Uber sets its sights on greater business travel spend, plays down safety fears
Launch of Business Profiles will help firm get a larger slice of the business travel pie
Uber is trying to make it easier for corporate customers to better account for personal and work-related journeys by launching Business Profiles.
The taxi-hailing app firm wants a bigger portion of the growing business travel space, but it doesn't believe it is cannibalising existing modes of transport by doing so.
More than 50,000 businesses in 58 countries around the world already use Uber for Business and the company claims organisations save, on average, $1,000 per employee, per year by using its service instead of private hire vehicles or taxis.
"We wanted to make business travel through Uber more seamless so we decided to build Business Profiles to solve that problem," saidGreg Greiner, Uber for Business product manager.
"Dreamforce is the perfect venue to release these new features as we have over 100,000 business travellers in one place."
Receipts from trips are automatically sent to a user's work email address so they can add notes about what the trip was for. They can also specify either before or during the trip whether it's for work or leisure.
Uber estimates that between five and 10 per cent of taxi receipts passed through a business's expenses systems are fraudulent in some way and believes Business Profiles will help eradicate or at least reduce this issue.
The company talked up how its structure has not only helped meet growing demand from people who want to go somewhere, but that its flexible working model has proved attractive to drivers and provided many jobs. There are20,000 Uber drivers in London, some 45,000 in LA and around 25,000 in Chicago. However, some drivers are not happy with the level of remuneration received in exchange for their work and legal action has ensued.
The firm's car-pooling service, where multiple Uber customers can share the same ride, aims to help reduce congestion and minimise pollution.
"We are very focused on building a successful business, but our cities are facing huge challenges. Young people, in particular, want to move into cities, but most cities don't have the room or money for new public transport or build new roads. The maths is the maths. You have to deal with that," said David Plouffe, Uber's chief advisory officer and US president Barack Obama's former campaign manager.
"The scale of what we are talking about is under appreciated.

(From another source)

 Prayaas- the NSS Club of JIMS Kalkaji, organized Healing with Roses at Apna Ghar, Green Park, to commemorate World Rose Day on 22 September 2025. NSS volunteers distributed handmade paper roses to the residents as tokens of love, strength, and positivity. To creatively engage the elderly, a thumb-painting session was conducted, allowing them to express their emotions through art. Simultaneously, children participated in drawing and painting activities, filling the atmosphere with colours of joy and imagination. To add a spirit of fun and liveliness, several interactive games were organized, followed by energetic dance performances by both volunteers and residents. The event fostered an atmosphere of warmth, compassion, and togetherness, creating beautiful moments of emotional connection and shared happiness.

There is a huge demand in cities for more mobility. Many Uber trips begin or end at the last public transportation stop. There is so much demand on the rider side but also a huge demand on the driver side.
Plouffe also stressed Uber remains safety conscious and stressed the rating system - on the driver and rider side - is there to ensure people stay safe and have a positive and pleasant experience. He even went as far as to suggest customers feel much safer with Uber than when using alternative options.

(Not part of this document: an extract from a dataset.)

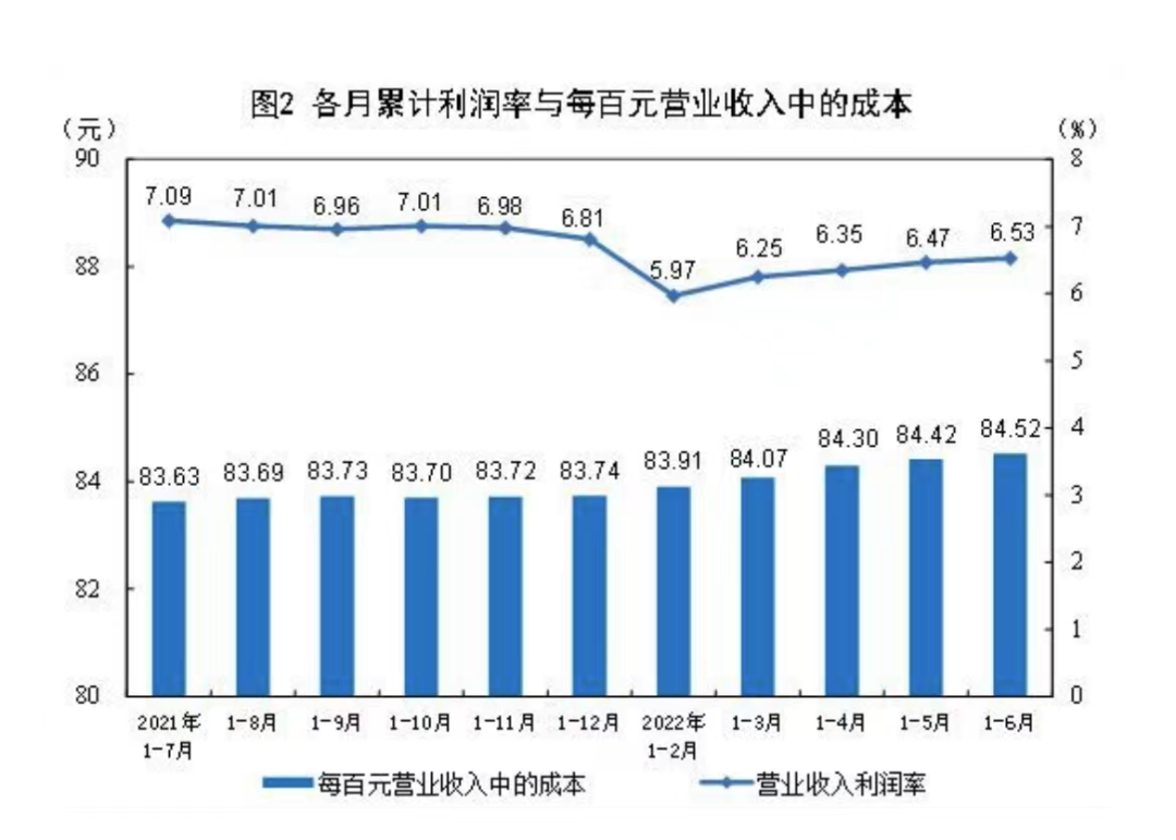 1—6月份,规模以上工业企业每百元营业收入中的成本为84.52元,同比增加0.84元;每百元营业收入中的费用为7.95元,同比减少0.52元。

"Why?" he said. "There's no anonymity. You know the driver, the licence plate. You can share your ETA and route with friends and family - it's GPS tracked. We want to bring more innovation to safety, but safety was always one of our core principles from the beginning."
He continued: "We are a technology company. Our goal is to continue to innovate and iterate so the Uber experience gets better and better. For example, instead of a car arriving in a few minutes, you get food [through UberEATS]."